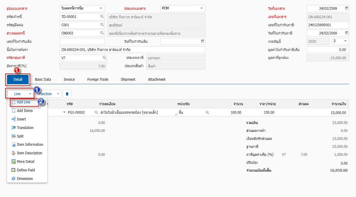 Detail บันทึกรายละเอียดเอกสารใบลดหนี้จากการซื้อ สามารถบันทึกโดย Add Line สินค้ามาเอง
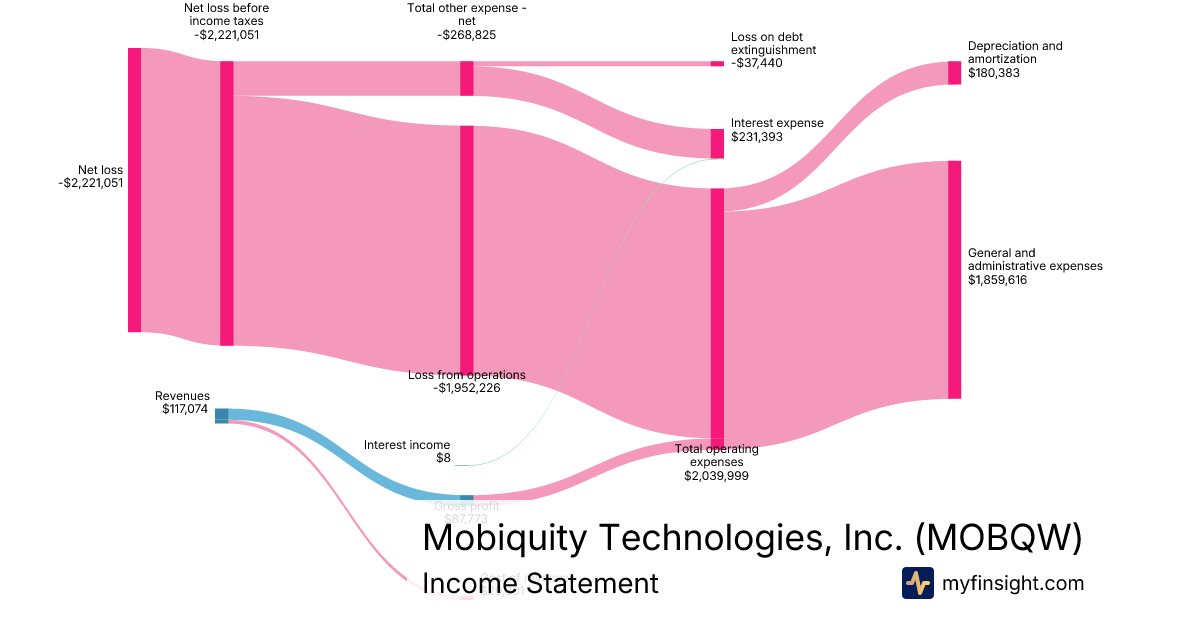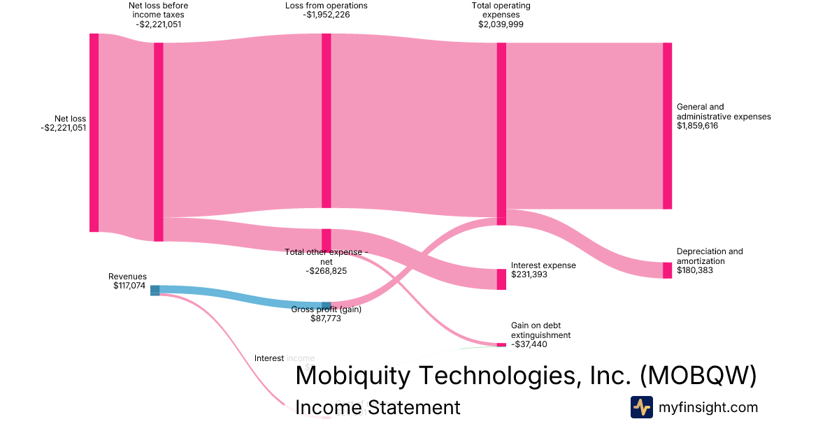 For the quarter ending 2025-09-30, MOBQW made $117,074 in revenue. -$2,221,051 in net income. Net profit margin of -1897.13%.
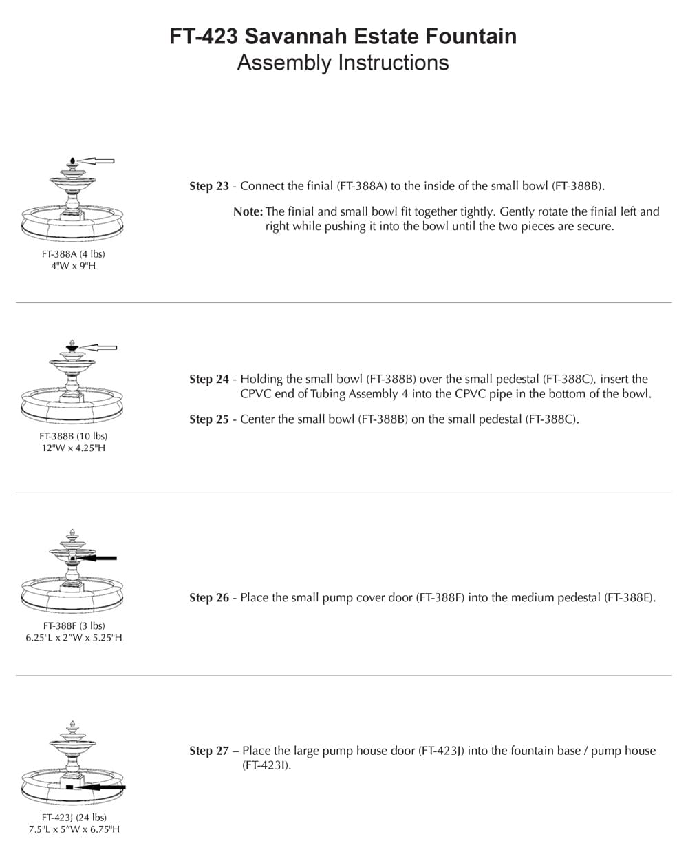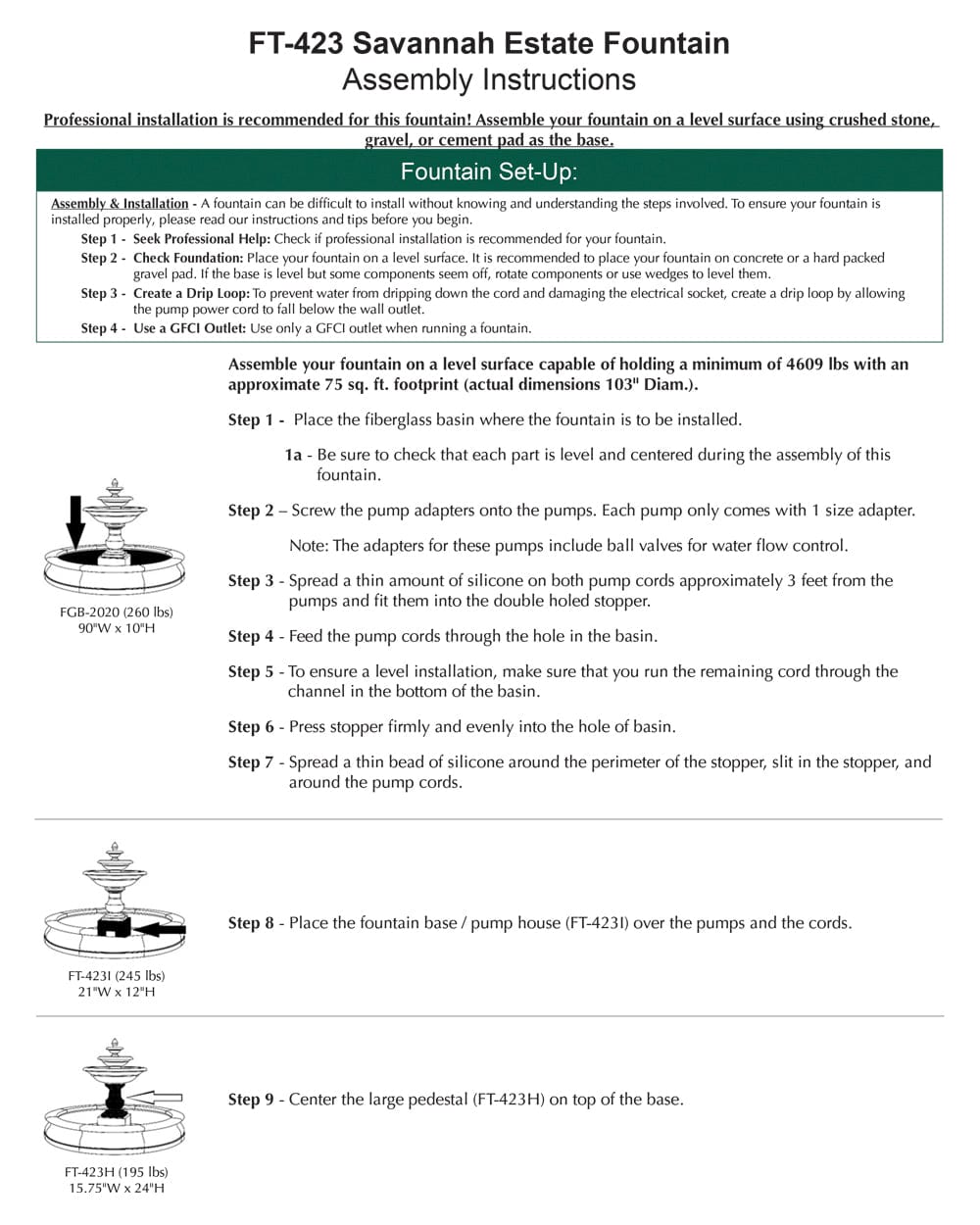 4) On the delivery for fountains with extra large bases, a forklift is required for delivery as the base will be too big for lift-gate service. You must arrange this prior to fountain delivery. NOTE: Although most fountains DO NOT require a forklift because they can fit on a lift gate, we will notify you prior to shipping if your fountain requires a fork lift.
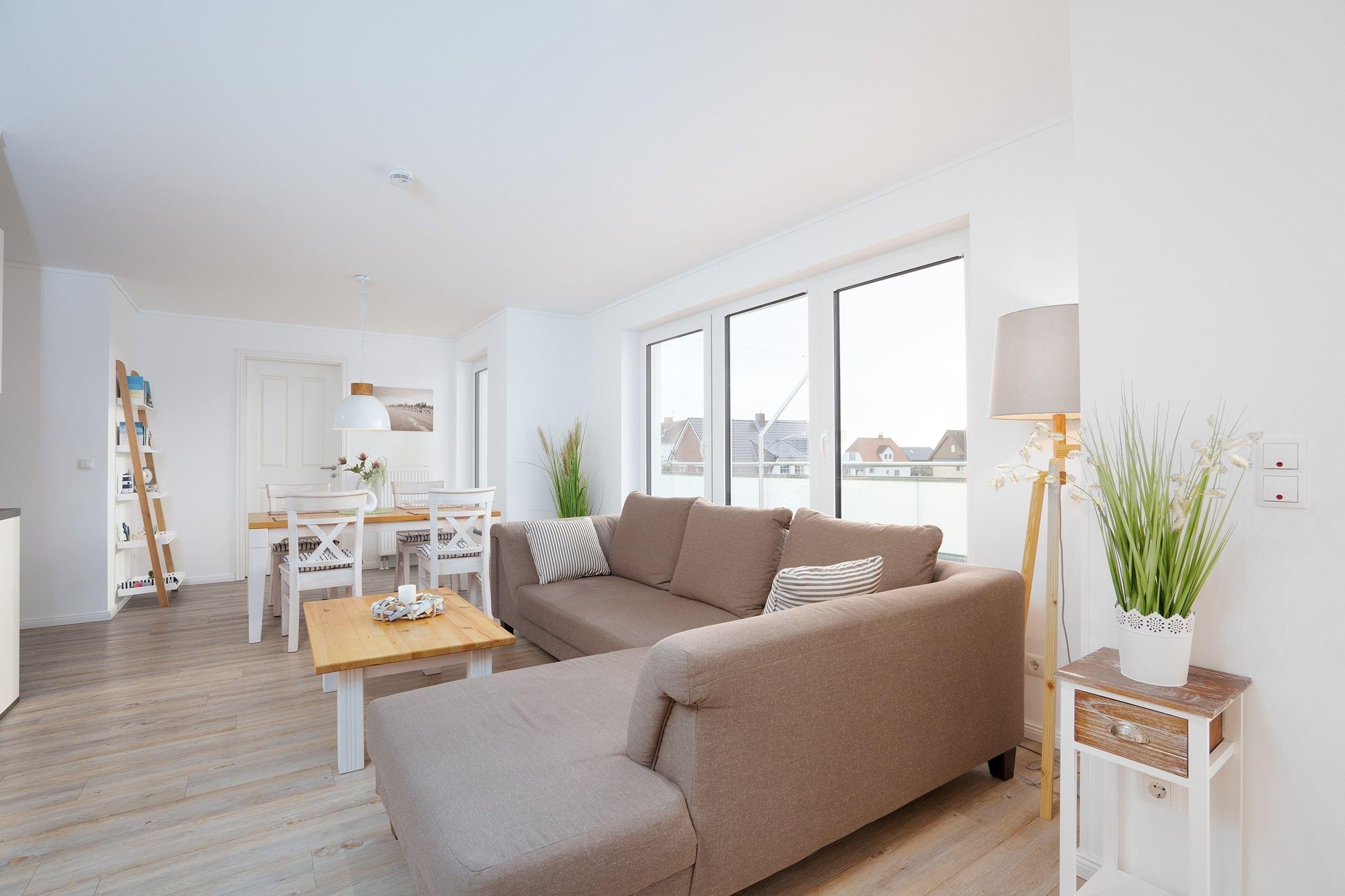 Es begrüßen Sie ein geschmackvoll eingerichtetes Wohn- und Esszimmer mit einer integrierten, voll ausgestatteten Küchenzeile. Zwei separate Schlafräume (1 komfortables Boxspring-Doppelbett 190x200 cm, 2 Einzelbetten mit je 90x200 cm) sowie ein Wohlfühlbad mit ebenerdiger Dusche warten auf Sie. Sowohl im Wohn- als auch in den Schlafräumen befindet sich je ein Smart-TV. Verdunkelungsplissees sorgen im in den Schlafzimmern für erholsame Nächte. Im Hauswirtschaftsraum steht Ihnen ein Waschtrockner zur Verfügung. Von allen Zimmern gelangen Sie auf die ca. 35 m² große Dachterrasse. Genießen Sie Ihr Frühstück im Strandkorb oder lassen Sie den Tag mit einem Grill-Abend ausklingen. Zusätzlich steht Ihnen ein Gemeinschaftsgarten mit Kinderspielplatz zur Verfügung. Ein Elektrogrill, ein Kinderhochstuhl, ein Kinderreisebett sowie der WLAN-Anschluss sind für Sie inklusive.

───

DESCRIPTION OF THE TASK: The material above must be reproduced line for line, with the images omitted.

ANSWER SPACE:
 Detail บันทึกรายละเอียดเอกสารใบลดหนี้จากการซื้อ สามารถบันทึกโดย Add Line สินค้ามาเอง
 For the quarter ending 2025-09-30, MOBQW made $117,074 in revenue. -$2,221,051 in net income. Net profit margin of -1897.13%.
 4) On the delivery for fountains with extra large bases, a forklift is required for delivery as the base will be too big for lift-gate service. You must arrange this prior to fountain delivery. NOTE: Although most fountains DO NOT require a forklift because they can fit on a lift gate, we will notify you prior to shipping if your fountain requires a fork lift.
 Es begrüßen Sie ein geschmackvoll eingerichtetes Wohn- und Esszimmer mit einer integrierten, voll ausgestatteten Küchenzeile. Zwei separate Schlafräume (1 komfortables Boxspring-Doppelbett 190x200 cm, 2 Einzelbetten mit je 90x200 cm) sowie ein Wohlfühlbad mit ebenerdiger Dusche warten auf Sie. Sowohl im Wohn- als auch in den Schlafräumen befindet sich je ein Smart-TV. Verdunkelungsplissees sorgen im in den Schlafzimmern für erholsame Nächte. Im Hauswirtschaftsraum steht Ihnen ein Waschtrockner zur Verfügung. Von allen Zimmern gelangen Sie auf die ca. 35 m² große Dachterrasse. Genießen Sie Ihr Frühstück im Strandkorb oder lassen Sie den Tag mit einem Grill-Abend ausklingen. Zusätzlich steht Ihnen ein Gemeinschaftsgarten mit Kinderspielplatz zur Verfügung. Ein Elektrogrill, ein Kinderhochstuhl, ein Kinderreisebett sowie der WLAN-Anschluss sind für Sie inklusive.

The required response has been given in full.